Stored data below:

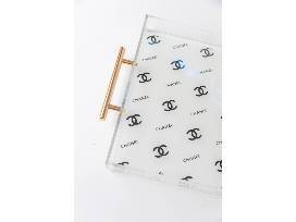 Elevate your home decor with this custom tray by Bee Tray Me. Featuring a Chanel-inspired design with a coordinating Twilly, this chic piece is perfect for displaying jewelry, perfumes, or adding a touch of fashion-forward elegance to any space.
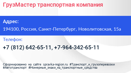 ГрузМастер, транспортная компания по адресу 194100, Россия, Санкт-Петербург, Новолитовская, 15а в дальнейшем Организация, размещена в следующих категориях:
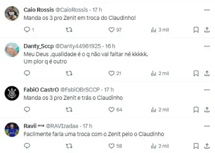 Nessa linha, a torcida corinthiana sugeriu que Augusto Melo fizesse uma troca: oferecesse o trio acima citado e garantisse o retorno de Claudinho, do Zenit, que interessa bastante neste momento ao Timão.
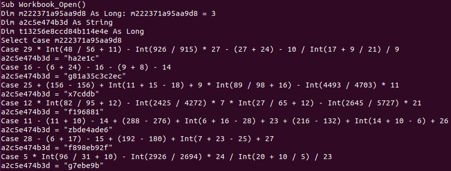 You see the Workbook_Open having a “complicated” “Select Case” where it has a bit more omph in the values it reacts to. This is actually not relevant to the sample being malicious, it’s just obfuscation. The magic happens here (the variable m222371a95aa9d8 is actually initialized to 3)
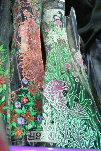 그를 찾아간 곳은 입구에서부터 범상치 않은 노래 소리와 드럼 소리가 들린다. 매장 가득 메우고 있는 것은 화려한 꽃무늬가 수놓아진 청바지, 알록달록 보석이 박힌 청바지, 그리고 명화가 그려진 청바지 등 다양한 디자인의 청바지들이 즐비하다.
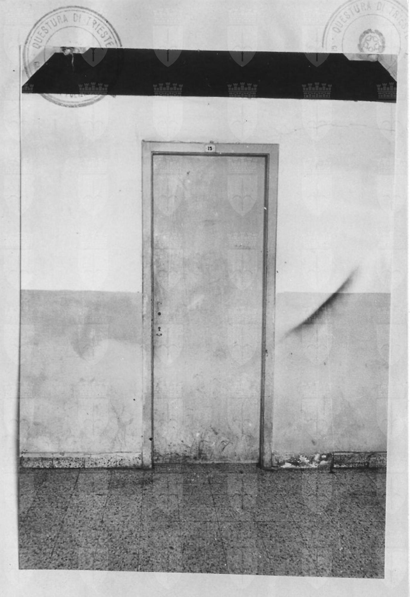 Riproduzione di una porta senza maniglia all'interno della Risiera di San Sabba

End of Stored data.

» Exercise
Would you write out each record above exactly, with no images?

» Answer area
 Elevate your home decor with this custom tray by Bee Tray Me. Featuring a Chanel-inspired design with a coordinating Twilly, this chic piece is perfect for displaying jewelry, perfumes, or adding a touch of fashion-forward elegance to any space.
 ГрузМастер, транспортная компания по адресу 194100, Россия, Санкт-Петербург, Новолитовская, 15а в дальнейшем Организация, размещена в следующих категориях:
 Nessa linha, a torcida corinthiana sugeriu que Augusto Melo fizesse uma troca: oferecesse o trio acima citado e garantisse o retorno de Claudinho, do Zenit, que interessa bastante neste momento ao Timão.
 You see the Workbook_Open having a “complicated” “Select Case” where it has a bit more omph in the values it reacts to. This is actually not relevant to the sample being malicious, it’s just obfuscation. The magic happens here (the variable m222371a95aa9d8 is actually initialized to 3)
 그를 찾아간 곳은 입구에서부터 범상치 않은 노래 소리와 드럼 소리가 들린다. 매장 가득 메우고 있는 것은 화려한 꽃무늬가 수놓아진 청바지, 알록달록 보석이 박힌 청바지, 그리고 명화가 그려진 청바지 등 다양한 디자인의 청바지들이 즐비하다.
 Riproduzione di una porta senza maniglia all'interno della Risiera di San Sabba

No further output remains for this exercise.